Rodarán cabezas
—Mi nombre es Alvin Mangrim. Ahora soy lord Alvin. Bienvenidos a mi reino. —El joven demente rubio, sentado en su trono, formado por una taza de váter, trazó un amplio gesto con una mano delgada—. ¿Os gusta?
Josh sentía náuseas a causa del olor a muerte y putrefacción. Él, Swan y Leona se hallaban sentados juntos sobre el suelo del departamento de animales domésticos de los almacenes K-Mart, situado al fondo de la tienda. En las pequeñas jaulas que los rodeaban había docenas de canarios y papagayos muertos, así como numerosos peces pudriéndose en sus peceras. Más allá de una zona de exposición acristalada, unos pocos gatitos y perros pequeños atraían a las moscas.
Anhelaba aplastar aquella cara cubierta por la barba rubia, que sonreía con una mueca cruel, pero tenía las muñecas y los tobillos encadenados y las cadenas cerradas con un candado. Tanto Swan como Leona habían sido atados con cuerdas. A su alrededor se encontraban el calvo de Neanderthal, el hombre de los ojos abultados de pescado, y unos seis o siete hombres más. El de la barba negra y el enano del carrito deambulaban cerca. El enano manoseaba con sus dedos cortos la varita de zahorí de Swan.
—Yo fijo el juicio —dijo lord Alvin, reclinándose en su trono y comiendo uvas—. Por eso es por lo que están encendidas las luces. —Sus lóbregos ojos verdes se desplazaron de Josh a Swan y luego de nuevo al primero. Leona seguía sangrando por el corte que le habían abierto en la cabeza, y sus ojos trataban de luchar contra la conmoción—. He acoplado un par de generadores portátiles al sistema eléctrico. Siempre he sido muy bueno con la electricidad, y también soy muy buen carpintero. Jesús era carpintero, ¿sabéis? —Escupió unas semillas de uvas—. ¿Creéis vosotros en Jesús?

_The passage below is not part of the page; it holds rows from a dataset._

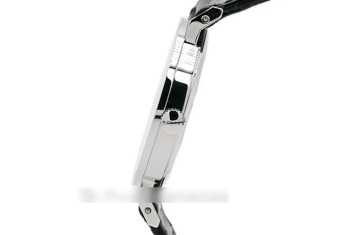 Das 35 mm Edelstahlgehäuse weist eine klare, geometrische Formgebung auf, die sich perfekt in das Bauhaus-Design einfügt. Die polierte Oberfläche und die präzise bearbeiteten Fasen lassen das Gehäuse in edlem Glanz erstrahlen. Die schlichte Eleganz der Uhr wird durch den markanten, roten Zeiger der kleinen Sekunde akzentuiert.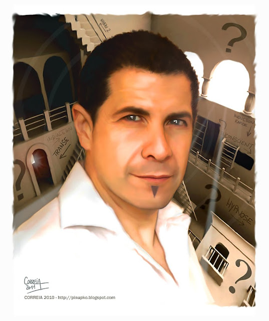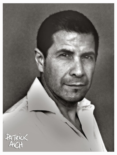 Portrait de l'hypnothérapeute Patrick Aich à la palette et en noir et blanc.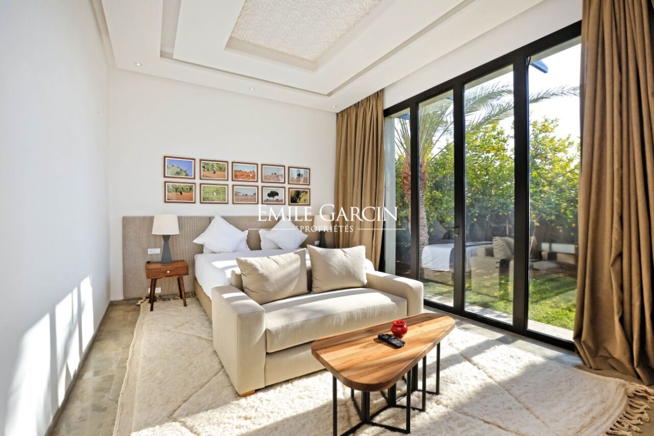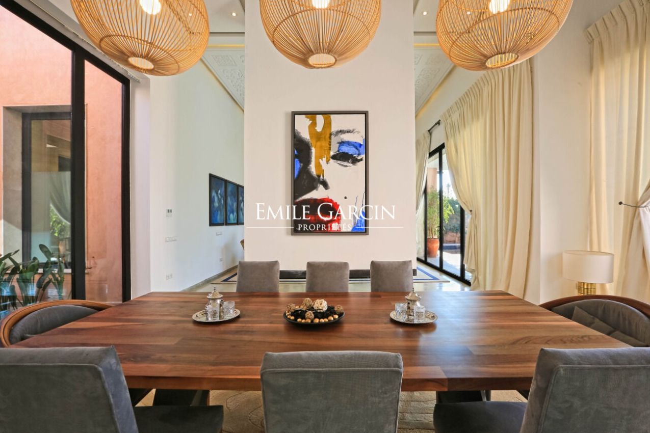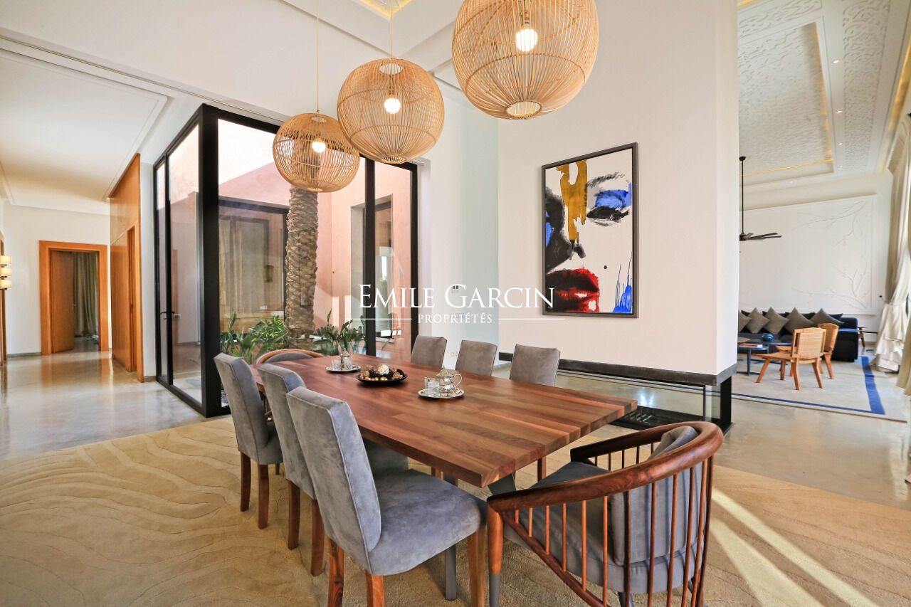 Beautiful single-level house of 600 m² located in the Palmeraie, just 15 minutes from Marrakech. It presents five bright and spacious suites. The reception area is composed of a large double living room with fireplace. Outside, there is a beautiful swimming pool (unheated) and 2000 m² of gardens. Rate: 690 EUR per night including chef and housekeeper. Minimum of two-night stay during the low season, four nights during the high season. From 690 EUR per night.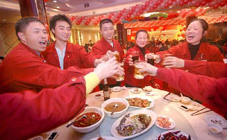 據(jù)了解,每逢歲末為員工擺“分歲酒”多年來一直是溫州眾多民營企業(yè)關(guān)愛農(nóng)民工的良好傳統(tǒng)。作為溫州民營企業(yè)代表之一的奧康集團(tuán),其分歲酒活動(dòng)自1998年啟動(dòng)至今已持續(xù)了10年,而今年則是規(guī)模最大的一次。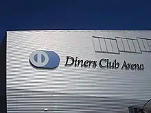 Diners Clubs logo på Diner Club Arena i Rapperswil, Schweiz.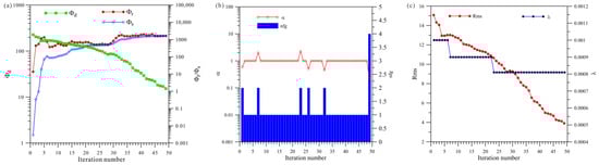 Figure 8a shows a total of 49 iterations of the joint inversion. The data misfit () was reduced from 227.4 to 15.2, and the model’s roughness () and ultimately stabilized and converged. Figure 8b shows that the joint inversion changed step sizes five times, and Figure 8c shows that the joint inversion changed regularization factors three times.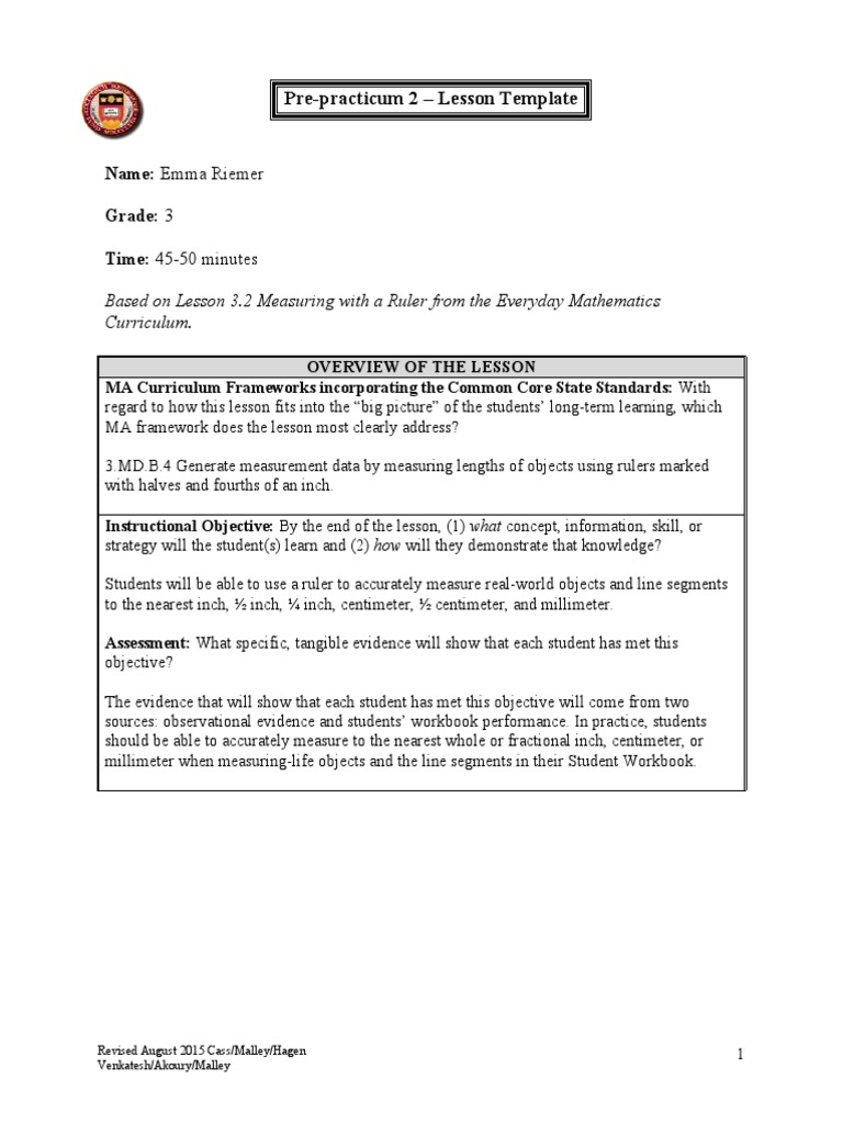 Based on Lesson 3.2 Measuring with a Ruler from the Everyday Mathematics

—Sí —consiguió decir Josh.
—Yo también. Una vez tuve un perro llamado Jesús. Lo crucifiqué, pero luego no resucitó. Antes de morir, me dijo qué tenía que hacer con la gente en la casa de ladrillo. Cortarles las cabezas.
Josh permaneció muy quieto, mirando directamente aquellos ojos verdes sin fondo.
Lord Alvin sonrió y, por un momento, pareció un niño de un coro, todo él envuelto en púrpura y preparado para ponerse a cantar.
—He arreglado las luces aquí para atraer a mucha carne fresca…, como vosotros. Muchos juguetes. Mirad, todos nos abandonaron en Pathway. Se apagaron todas las luces, y los médicos se marcharon a casa. Pero encontramos a algunos, como el doctor Baylor. Y entonces yo bauticé a mis discípulos con la sangre del doctor Baylor, y los envié a que recorrieran el mundo, mientras que el resto de nosotros nos quedábamos aquí. —Ladeó la cabeza y la sonrisa se desvaneció de su cara—. Fuera está todo muy oscuro —siguió diciendo—. Siempre está oscuro, incluso durante el día. ¿Cómo te llamas, amigo?
Josh le dijo su nombre. Podía oler su propio sudor de miedo por encima del hedor fétido de los animales muertos.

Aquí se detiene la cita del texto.